Secret life of the body clock

E-mail Print PDF
For humans, every single moment of our 24-hour day is influenced by our body clock.
But what exactly is it?


The body clock is a part of the brain that's located in the hypothalamus. It's called the superchyosmatic nucleus (SCN) and it synchronises our sleep and wake with the day-night cycle. It's a part of the brain that's essential for good health.

To get a better idea of what makes our body clock tick, Grant Hackett visited Dr Gerard Kennedy, a chronobiologist from Victoria University. Dr Kennedy's role is to investigate why the body behaves the way it does in relation to time.

According to Dr Kennedy we have one main clock that's like a master clock and synchronises all the other cells in the body. "Each cell has its own little clock which ticks away, but without the master clock they quickly lose synchronicity," he said. "It's a bit like the maestro of the orchestra conducting all the other instruments which are the other cells in the body."

So why is it that some people prefer to go to bed late and wake up early, while others are early to bed and early to rise?

Dr Kennedy believes that everybody's clock has a different inherent period. That is it is slightly away from 24 hours. "As most people's body clocks are 25 hours it needs to adjust to 24 because the earth's clock is 24 hours and some people's clocks might be a bit longer than 25 hours, say even 26 or 27," he explained. "That person would be the type of person who likes to go to bed very late and we call them the owl type."

Dr Kennedy added that the owl type might naturally select occupations like a chef, where they go to work at 4pm and work until 1am or 2am. They then come home in the day and go to bed late. Meanwhile the early-to-bed person is known as a lark. The larks tend to have a body clock with a cycle slightly less than 25 hours.

"We call them the lark because they are the early bird," Dr Kennedy said. "We also call them party poopers sometimes because they like to go home from the party early."

Is it possible to reset or manipulate our body clock?

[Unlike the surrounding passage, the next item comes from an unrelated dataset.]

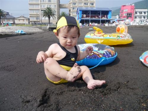 6歳11ヶ月&4歳6ヶ月&1歳1ヶ月お久しぶりです!ものすごく間があいてしまいましたが・・我が家は、みんな元気です今年の夏休みは、何かとバタバタで・・あっという間に夏休みも終わってしまいましたさて、過去日記になってしまいますが・・北海道旅行後に、パパのお友達家族達、4家族&メンズで海水浴旅行に行ってきましたかなたん、初海水浴です最初は、かなりビビリ気味のかなたんです。ハチさん水着が、かなりピチピチですね(笑)一つ年上のカイ君とのからみツーショット萌え萌え母達は、カメラ片手にシャッター押しまくりです(笑)小学生チーム&ソラちゃんは、パパ達と沖へとくに、そーたんは、自信過剰で、足のつかない所でも平気に浮き輪を脱出して泳ぎ始めるから目が離せません途中で疲れて溺れかけるし・・危ないわこちら、海水浴デビューかなたん得意のハイハイで砂浜を徘徊~向きを変えると、今度は波に向かってハイハイ突進波が顔にあたっても、ハイハイを止めずに突進し続けるかなたん~母が救出しました(^^;夜は、子供たち9人でうちわ作り&Wii大会&花火大会盛り上がりました翌日は、猛暑の中、ぐらんぱる公園へ暑かった~子供たちも仲良くなり、また遊びに行きたいと思いますこの日の帰りに、かなたんが発熱炎天下の海水浴が原因?ぐらんぱる?熱中症か?とドキドキでしたが翌日の小児科では、ただの風邪とのこと。でも、もしかしたら、突発かも??との診断。そのままお盆に突入し、我が家もママ実家へ帰省。帰省中は、かなたんの熱も下がらず、かなたん&ママは、ずっと実家内で過ごし・・ママは、高校の同窓会もあって、帰省したのに、発熱のかなたんを置いて外出は出来ないので、参加を断念イトコのゆー君も合流して、そーたら&ゆー君&じぃじ&ばぁばで川へ遊びに行ったり、花火大会に行ったりと子供たちは満喫していたので良かったですじぃじ&ばぁばは、孫男子3人の相手でかなりお疲れでしたけど(^^;発熱4日目にやっと熱が下がり、その後全身に発疹が!やっぱり、突発だったか~熱も下がり、一時帰宅し、そーたん&パパはプロ野球観戦へそーたん、念願の観戦。気合を入れて、応援に行ったのに、まさかの負け残念忙しい日々は続き、その翌日はまた海水浴旅行・・帰宅したのが、夜11時近くで、翌日は5時起き。ハードでした(^^;今度は、両じぃじ&ばぁばや、パパ兄弟&イトコとの旅行。かなたんの発疹がまだまだ残っていたので、かなたん海水浴は断念。そーたら&パパはイトコ達と海水浴へママ&かなたんは、ママじぃじ&ばぁばとゆっくり&まったり旅館へ。途中、フラッと寄った定食やさんの『漁師のさばの味噌煮定食』がものすごくおいしかった~もちろん、夜もこれまた、おいしいお食事でした~そーたんが、ほぼ刺身を食べつくしてましたよ(^^;お子様ランチのハンバーグは苦手で手を付けず、大人の刺身を欲しがる、そーたん・・もう少し、肉も食べて欲しいです夜は、こちらも花火大会ソラちゃんはお下がりのマジレンジャーを着てます本人もかなりお気に召したモヨウこの翌日には、かなたんの発疹もすっかり消えてキレイになりました!忙しい夏休みは、まだまだ続く~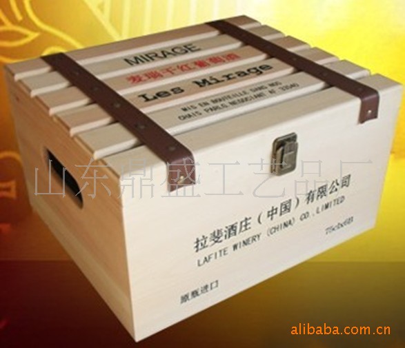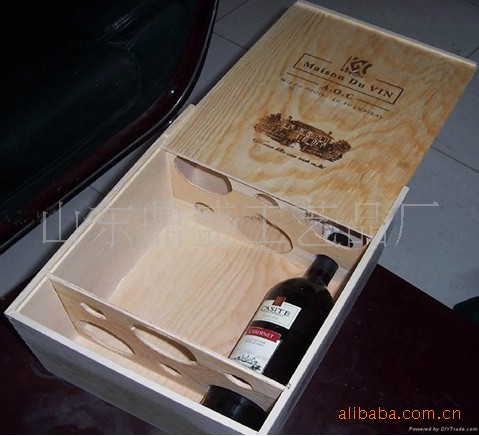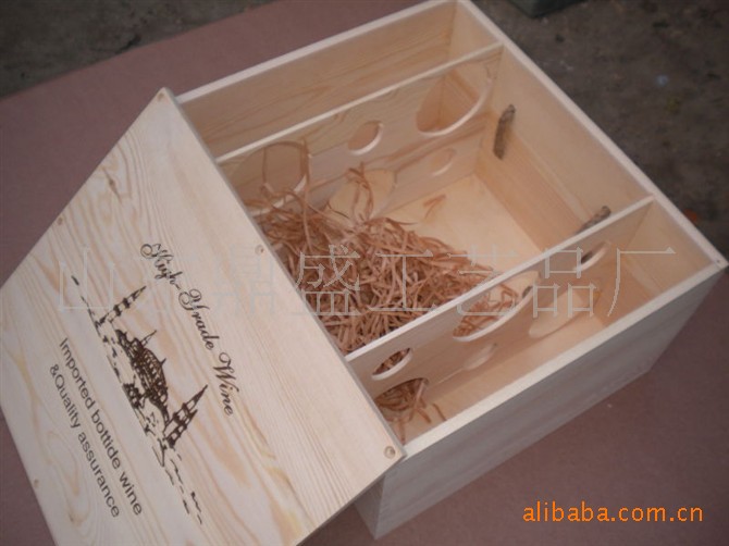 烫印抽拉门六瓶装松木礼盒

"It's very hard for a person that's an early-type to become a late-type, and vice versa, but each person can manipulate their body clock to some degree," Dr Kennedy said. "It's a lot easier for the late person to manipulate their clock because they can delay their clock a lot more easily than an early type person."

Jet lag is also linked to our body clock. When we fly from Australia to the UK or the US we have to readjust our clock and it usually takes people at least five days to readjust. In fact, flying from east to west is said to be best because we can delay our sleep time, but it usually takes five or six days to retrain.

However, Dr Kennedy says that the best way to retrain it is to go outside in the new location and receive light as that is what resets the clock the quickest. It's also essential that we get to know and understand our body clock.

According to Dr Kennedy there are better times of the day to do certain things. Here are some tips:
  • 7am - If you're trying for a baby, this is the best time because this is when our hormones rise and sperm counts peak.
  • 10am - is a good time to attend to your "to do" list because your concentration levels are at their highest.
  • 12pm - Your verbal reasoning skills hit their strides around midday, so this is the best time to have an argument. And if you're after a pay rise, now's the time to hit up your boss!
  • 2pm - is a great time to visit the dentist because your body is best prepared to deal with it as your pain tolerance is high.
  • 6pm - Research suggests this is the safest time to exercise for muscle strength and stamina. But if you want to burn fat, then early morning is best.
  • 7pm - You can now enjoy a glass of wine over dinner. Your digestive system is at full capacity at this time, which means that the liver can metabolise alcohol faster.
  • After 10pm our libido reaches its highest point.

But what if your day doesn't start when the sun rises, especially if you are one of the 17 percent of people in the Australian workforce who is a shift worker?

Grant met with senior station officer Darren McQuade to get an insight into a shift worker's life. Darren has been a firefighter for 21 years. During this time, Darren has become accustomed to shift work and has learnt to cope with it. "On a night shift we have the ability to sleep if there are no calls, but it does have an effect long term," he said.

As a result, it's important that shift workers know how to reset their body clocks as best they can.

Dr Kennedy suggests that a shift worker wear dark sunglasses when they drive home after their shift in the morning, have a quiet room to sleep in and make sure they get a good six hours sleep. If possible they should try to work regular shifts and avoid taking extra ones. During days off shift workers should maintain a regular activity cycle and eat well, but not overeat at night. Regular exercise is also important. But vigorous exercise should be avoided two hours before bedtime.